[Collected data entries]
- - - -

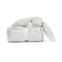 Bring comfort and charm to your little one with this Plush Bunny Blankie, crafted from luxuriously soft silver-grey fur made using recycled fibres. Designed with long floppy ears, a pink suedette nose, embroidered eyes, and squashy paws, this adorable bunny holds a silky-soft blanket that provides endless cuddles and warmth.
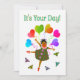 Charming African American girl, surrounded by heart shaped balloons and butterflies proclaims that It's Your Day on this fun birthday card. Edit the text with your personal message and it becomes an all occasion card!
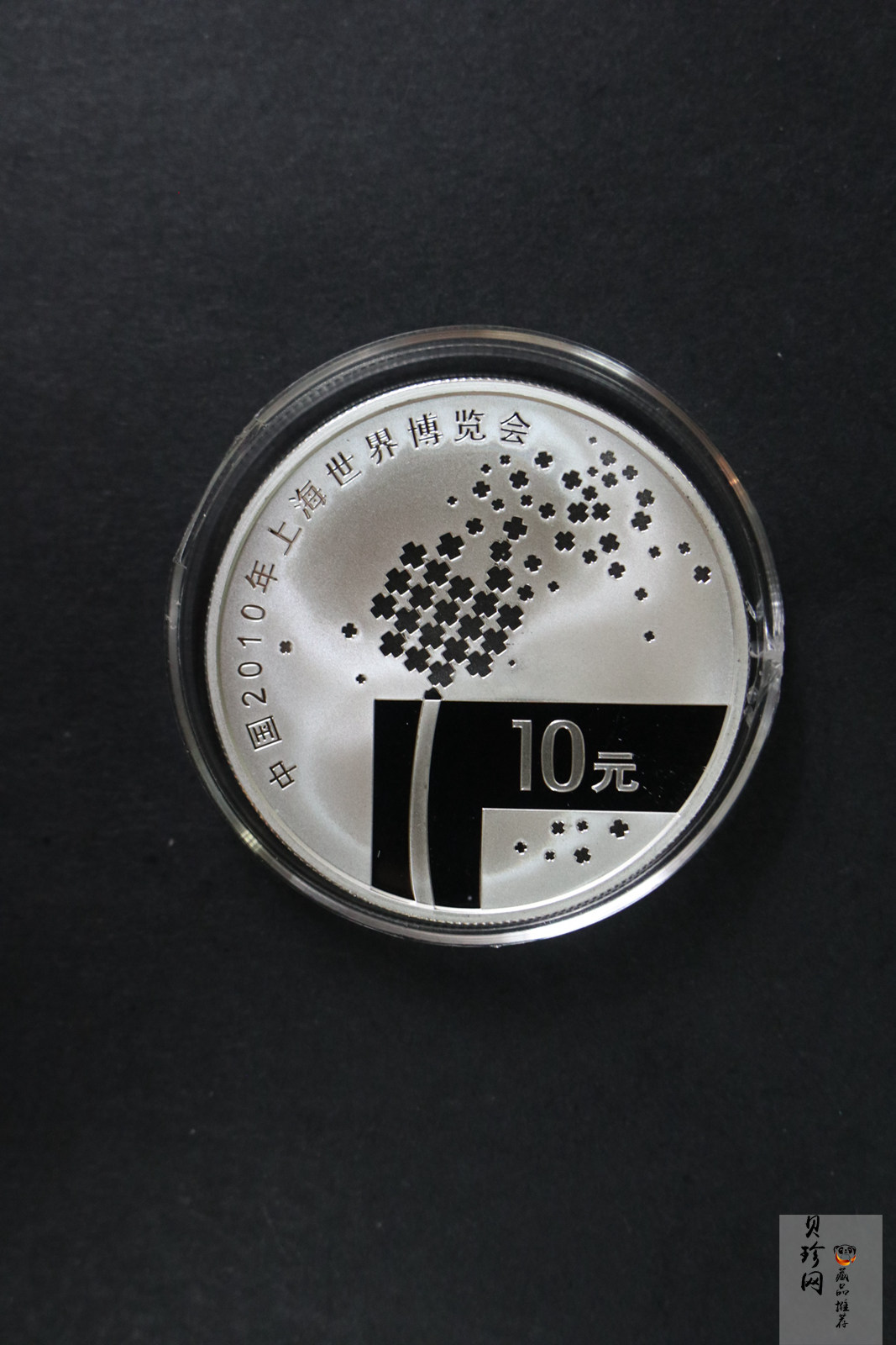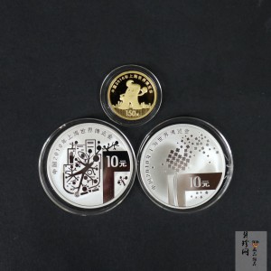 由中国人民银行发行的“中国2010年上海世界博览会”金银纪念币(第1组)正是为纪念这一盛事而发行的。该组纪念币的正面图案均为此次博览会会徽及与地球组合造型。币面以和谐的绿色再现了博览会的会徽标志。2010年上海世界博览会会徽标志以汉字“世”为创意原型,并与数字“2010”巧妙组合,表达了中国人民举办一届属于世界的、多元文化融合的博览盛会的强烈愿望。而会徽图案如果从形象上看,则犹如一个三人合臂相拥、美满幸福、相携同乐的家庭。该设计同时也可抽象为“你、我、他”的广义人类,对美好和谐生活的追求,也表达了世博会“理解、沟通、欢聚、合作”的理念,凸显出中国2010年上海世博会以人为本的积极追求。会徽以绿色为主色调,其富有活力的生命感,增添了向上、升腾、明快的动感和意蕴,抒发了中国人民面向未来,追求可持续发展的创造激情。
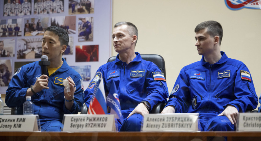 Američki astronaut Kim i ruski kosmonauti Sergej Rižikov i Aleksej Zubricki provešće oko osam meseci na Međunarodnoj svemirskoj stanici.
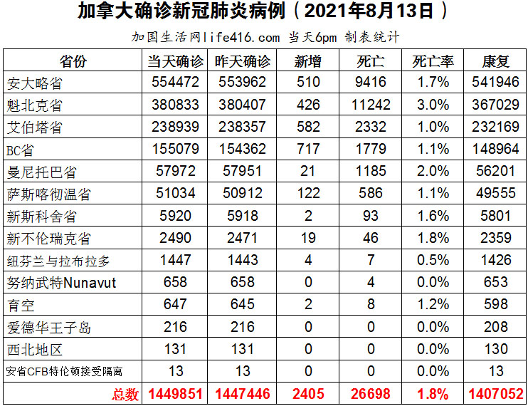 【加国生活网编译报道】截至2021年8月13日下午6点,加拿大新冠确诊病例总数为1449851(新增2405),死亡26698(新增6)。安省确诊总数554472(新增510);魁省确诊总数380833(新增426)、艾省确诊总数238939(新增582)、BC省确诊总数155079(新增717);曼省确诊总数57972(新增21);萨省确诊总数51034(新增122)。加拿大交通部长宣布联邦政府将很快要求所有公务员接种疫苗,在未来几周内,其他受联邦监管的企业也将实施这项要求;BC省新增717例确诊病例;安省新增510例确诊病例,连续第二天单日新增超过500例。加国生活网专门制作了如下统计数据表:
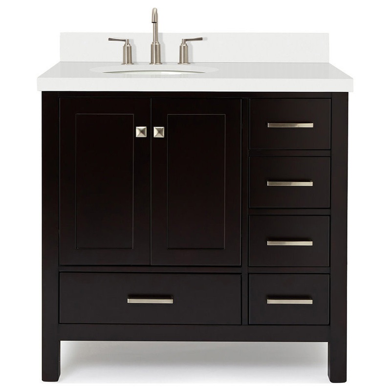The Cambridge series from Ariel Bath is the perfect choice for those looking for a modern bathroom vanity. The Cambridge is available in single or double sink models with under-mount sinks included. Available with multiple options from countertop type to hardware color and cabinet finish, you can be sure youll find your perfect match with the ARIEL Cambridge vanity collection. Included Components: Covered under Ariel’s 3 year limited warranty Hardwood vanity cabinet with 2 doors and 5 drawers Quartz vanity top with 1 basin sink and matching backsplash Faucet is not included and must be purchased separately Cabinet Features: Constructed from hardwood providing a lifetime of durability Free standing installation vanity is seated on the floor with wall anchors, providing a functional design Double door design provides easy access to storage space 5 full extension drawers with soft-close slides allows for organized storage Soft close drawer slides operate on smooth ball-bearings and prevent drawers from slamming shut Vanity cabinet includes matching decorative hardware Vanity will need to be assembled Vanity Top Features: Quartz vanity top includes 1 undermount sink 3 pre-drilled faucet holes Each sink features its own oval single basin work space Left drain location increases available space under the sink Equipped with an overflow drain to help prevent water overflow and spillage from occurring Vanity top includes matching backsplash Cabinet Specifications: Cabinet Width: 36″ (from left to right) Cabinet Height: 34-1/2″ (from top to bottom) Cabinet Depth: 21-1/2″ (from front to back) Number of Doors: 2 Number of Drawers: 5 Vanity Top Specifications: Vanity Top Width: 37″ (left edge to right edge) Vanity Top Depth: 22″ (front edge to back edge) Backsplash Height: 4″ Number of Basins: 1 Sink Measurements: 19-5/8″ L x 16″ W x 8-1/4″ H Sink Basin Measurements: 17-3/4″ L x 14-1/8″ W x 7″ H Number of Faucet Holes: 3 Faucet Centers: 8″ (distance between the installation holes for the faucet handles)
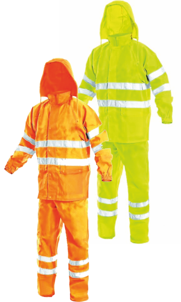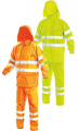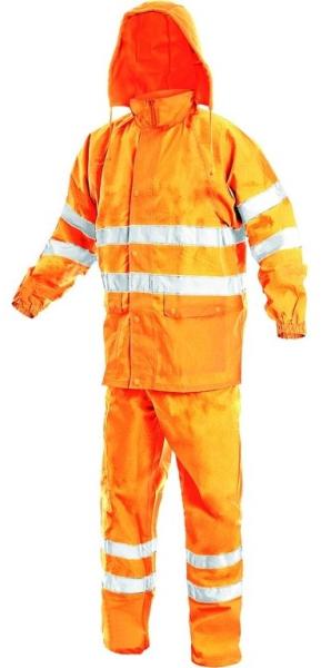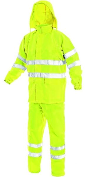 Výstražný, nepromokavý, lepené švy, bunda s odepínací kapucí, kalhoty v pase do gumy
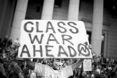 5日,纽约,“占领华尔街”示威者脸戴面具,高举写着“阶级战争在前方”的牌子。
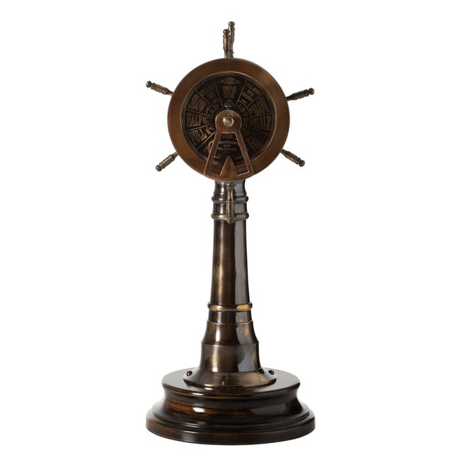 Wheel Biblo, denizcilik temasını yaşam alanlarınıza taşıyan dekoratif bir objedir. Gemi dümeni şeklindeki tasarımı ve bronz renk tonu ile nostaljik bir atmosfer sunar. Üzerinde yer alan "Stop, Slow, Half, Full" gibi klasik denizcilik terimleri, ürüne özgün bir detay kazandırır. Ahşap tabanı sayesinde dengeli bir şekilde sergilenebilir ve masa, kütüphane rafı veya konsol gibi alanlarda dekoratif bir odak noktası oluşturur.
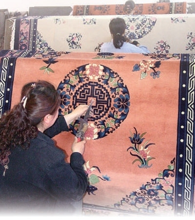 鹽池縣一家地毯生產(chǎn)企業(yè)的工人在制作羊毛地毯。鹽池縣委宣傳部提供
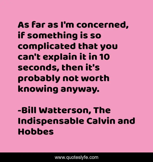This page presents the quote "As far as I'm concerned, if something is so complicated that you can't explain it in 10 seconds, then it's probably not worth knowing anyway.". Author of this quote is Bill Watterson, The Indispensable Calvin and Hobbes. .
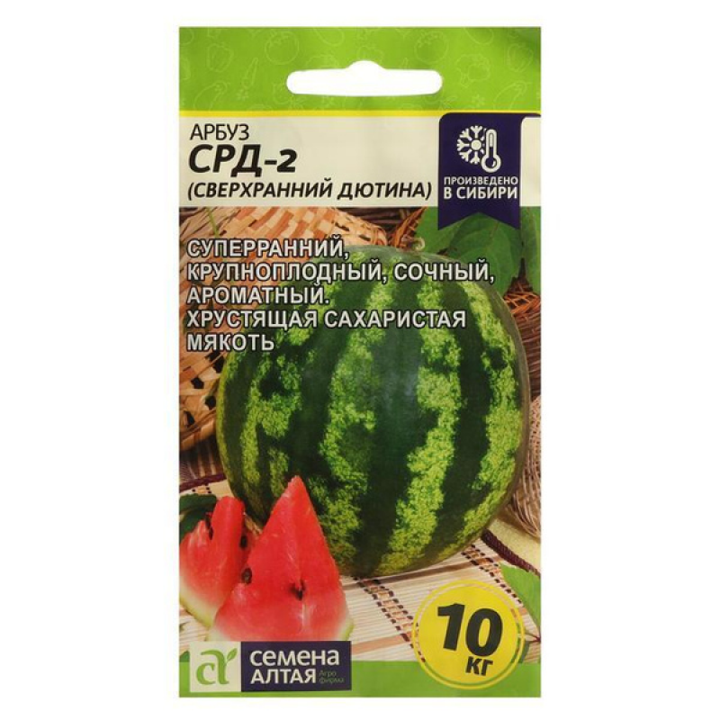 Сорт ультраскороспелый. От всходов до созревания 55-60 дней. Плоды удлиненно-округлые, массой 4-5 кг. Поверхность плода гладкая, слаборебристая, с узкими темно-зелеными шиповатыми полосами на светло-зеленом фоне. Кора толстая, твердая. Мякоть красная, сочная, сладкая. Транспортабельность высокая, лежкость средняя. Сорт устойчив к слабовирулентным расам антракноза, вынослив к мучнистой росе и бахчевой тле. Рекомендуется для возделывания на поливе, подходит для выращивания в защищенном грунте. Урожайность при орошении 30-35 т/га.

- - - -

● Task item
Although the records contain pictures, only their text should be repeated, exactly as it appears.

● Your response
 Bring comfort and charm to your little one with this Plush Bunny Blankie, crafted from luxuriously soft silver-grey fur made using recycled fibres. Designed with long floppy ears, a pink suedette nose, embroidered eyes, and squashy paws, this adorable bunny holds a silky-soft blanket that provides endless cuddles and warmth.
 Charming African American girl, surrounded by heart shaped balloons and butterflies proclaims that It's Your Day on this fun birthday card. Edit the text with your personal message and it becomes an all occasion card!
 由中国人民银行发行的“中国2010年上海世界博览会”金银纪念币(第1组)正是为纪念这一盛事而发行的。该组纪念币的正面图案均为此次博览会会徽及与地球组合造型。币面以和谐的绿色再现了博览会的会徽标志。2010年上海世界博览会会徽标志以汉字“世”为创意原型,并与数字“2010”巧妙组合,表达了中国人民举办一届属于世界的、多元文化融合的博览盛会的强烈愿望。而会徽图案如果从形象上看,则犹如一个三人合臂相拥、美满幸福、相携同乐的家庭。该设计同时也可抽象为“你、我、他”的广义人类,对美好和谐生活的追求,也表达了世博会“理解、沟通、欢聚、合作”的理念,凸显出中国2010年上海世博会以人为本的积极追求。会徽以绿色为主色调,其富有活力的生命感,增添了向上、升腾、明快的动感和意蕴,抒发了中国人民面向未来,追求可持续发展的创造激情。
 Američki astronaut Kim i ruski kosmonauti Sergej Rižikov i Aleksej Zubricki provešće oko osam meseci na Međunarodnoj svemirskoj stanici.
 【加国生活网编译报道】截至2021年8月13日下午6点,加拿大新冠确诊病例总数为1449851(新增2405),死亡26698(新增6)。安省确诊总数554472(新增510);魁省确诊总数380833(新增426)、艾省确诊总数238939(新增582)、BC省确诊总数155079(新增717);曼省确诊总数57972(新增21);萨省确诊总数51034(新增122)。加拿大交通部长宣布联邦政府将很快要求所有公务员接种疫苗,在未来几周内,其他受联邦监管的企业也将实施这项要求;BC省新增717例确诊病例;安省新增510例确诊病例,连续第二天单日新增超过500例。加国生活网专门制作了如下统计数据表:
The Cambridge series from Ariel Bath is the perfect choice for those looking for a modern bathroom vanity. The Cambridge is available in single or double sink models with under-mount sinks included. Available with multiple options from countertop type to hardware color and cabinet finish, you can be sure youll find your perfect match with the ARIEL Cambridge vanity collection. Included Components: Covered under Ariel’s 3 year limited warranty Hardwood vanity cabinet with 2 doors and 5 drawers Quartz vanity top with 1 basin sink and matching backsplash Faucet is not included and must be purchased separately Cabinet Features: Constructed from hardwood providing a lifetime of durability Free standing installation vanity is seated on the floor with wall anchors, providing a functional design Double door design provides easy access to storage space 5 full extension drawers with soft-close slides allows for organized storage Soft close drawer slides operate on smooth ball-bearings and prevent drawers from slamming shut Vanity cabinet includes matching decorative hardware Vanity will need to be assembled Vanity Top Features: Quartz vanity top includes 1 undermount sink 3 pre-drilled faucet holes Each sink features its own oval single basin work space Left drain location increases available space under the sink Equipped with an overflow drain to help prevent water overflow and spillage from occurring Vanity top includes matching backsplash Cabinet Specifications: Cabinet Width: 36″ (from left to right) Cabinet Height: 34-1/2″ (from top to bottom) Cabinet Depth: 21-1/2″ (from front to back) Number of Doors: 2 Number of Drawers: 5 Vanity Top Specifications: Vanity Top Width: 37″ (left edge to right edge) Vanity Top Depth: 22″ (front edge to back edge) Backsplash Height: 4″ Number of Basins: 1 Sink Measurements: 19-5/8″ L x 16″ W x 8-1/4″ H Sink Basin Measurements: 17-3/4″ L x 14-1/8″ W x 7″ H Number of Faucet Holes: 3 Faucet Centers: 8″ (distance between the installation holes for the faucet handles)
 Výstražný, nepromokavý, lepené švy, bunda s odepínací kapucí, kalhoty v pase do gumy
 5日,纽约,“占领华尔街”示威者脸戴面具,高举写着“阶级战争在前方”的牌子。
 Wheel Biblo, denizcilik temasını yaşam alanlarınıza taşıyan dekoratif bir objedir. Gemi dümeni şeklindeki tasarımı ve bronz renk tonu ile nostaljik bir atmosfer sunar. Üzerinde yer alan "Stop, Slow, Half, Full" gibi klasik denizcilik terimleri, ürüne özgün bir detay kazandırır. Ahşap tabanı sayesinde dengeli bir şekilde sergilenebilir ve masa, kütüphane rafı veya konsol gibi alanlarda dekoratif bir odak noktası oluşturur.
 鹽池縣一家地毯生產(chǎn)企業(yè)的工人在制作羊毛地毯。鹽池縣委宣傳部提供
This page presents the quote "As far as I'm concerned, if something is so complicated that you can't explain it in 10 seconds, then it's probably not worth knowing anyway.". Author of this quote is Bill Watterson, The Indispensable Calvin and Hobbes. .
 Сорт ультраскороспелый. От всходов до созревания 55-60 дней. Плоды удлиненно-округлые, массой 4-5 кг. Поверхность плода гладкая, слаборебристая, с узкими темно-зелеными шиповатыми полосами на светло-зеленом фоне. Кора толстая, твердая. Мякоть красная, сочная, сладкая. Транспортабельность высокая, лежкость средняя. Сорт устойчив к слабовирулентным расам антракноза, вынослив к мучнистой росе и бахчевой тле. Рекомендуется для возделывания на поливе, подходит для выращивания в защищенном грунте. Урожайность при орошении 30-35 т/га.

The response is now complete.